--- Given information ---
------------------------------------------------------------

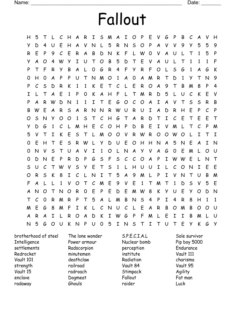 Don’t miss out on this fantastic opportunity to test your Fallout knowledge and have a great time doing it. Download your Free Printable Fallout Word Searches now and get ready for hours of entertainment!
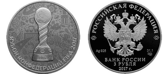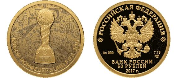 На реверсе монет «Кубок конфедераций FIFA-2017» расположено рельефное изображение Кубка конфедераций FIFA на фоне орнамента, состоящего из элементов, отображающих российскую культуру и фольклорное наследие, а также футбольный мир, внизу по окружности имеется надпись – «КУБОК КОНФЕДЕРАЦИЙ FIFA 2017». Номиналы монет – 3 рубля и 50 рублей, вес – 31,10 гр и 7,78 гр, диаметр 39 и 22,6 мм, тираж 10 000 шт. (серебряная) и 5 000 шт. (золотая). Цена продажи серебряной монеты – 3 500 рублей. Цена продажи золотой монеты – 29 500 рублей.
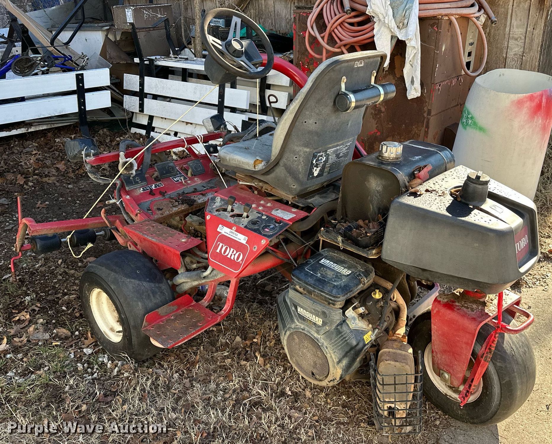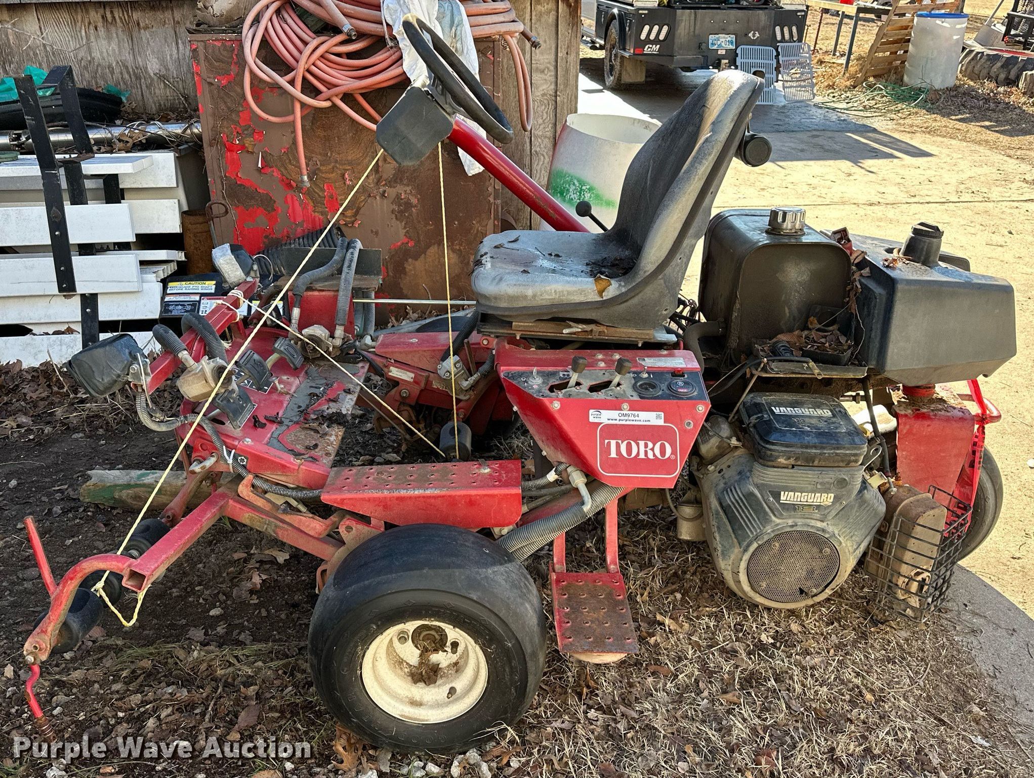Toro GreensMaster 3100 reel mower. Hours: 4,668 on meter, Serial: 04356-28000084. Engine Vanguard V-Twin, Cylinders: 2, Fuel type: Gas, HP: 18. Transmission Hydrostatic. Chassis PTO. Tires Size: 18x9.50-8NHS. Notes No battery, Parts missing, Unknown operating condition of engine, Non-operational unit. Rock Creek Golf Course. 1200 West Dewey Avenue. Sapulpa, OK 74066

------------------------------------------------------------

--- What is being asked ---
Beginning with the line that contains "На реверсе монет" and ending with the final line of the listing, return each line exactly. Omit all pictures.

--- Response box ---
 На реверсе монет «Кубок конфедераций FIFA-2017» расположено рельефное изображение Кубка конфедераций FIFA на фоне орнамента, состоящего из элементов, отображающих российскую культуру и фольклорное наследие, а также футбольный мир, внизу по окружности имеется надпись – «КУБОК КОНФЕДЕРАЦИЙ FIFA 2017». Номиналы монет – 3 рубля и 50 рублей, вес – 31,10 гр и 7,78 гр, диаметр 39 и 22,6 мм, тираж 10 000 шт. (серебряная) и 5 000 шт. (золотая). Цена продажи серебряной монеты – 3 500 рублей. Цена продажи золотой монеты – 29 500 рублей.
Toro GreensMaster 3100 reel mower. Hours: 4,668 on meter, Serial: 04356-28000084. Engine Vanguard V-Twin, Cylinders: 2, Fuel type: Gas, HP: 18. Transmission Hydrostatic. Chassis PTO. Tires Size: 18x9.50-8NHS. Notes No battery, Parts missing, Unknown operating condition of engine, Non-operational unit. Rock Creek Golf Course. 1200 West Dewey Avenue. Sapulpa, OK 74066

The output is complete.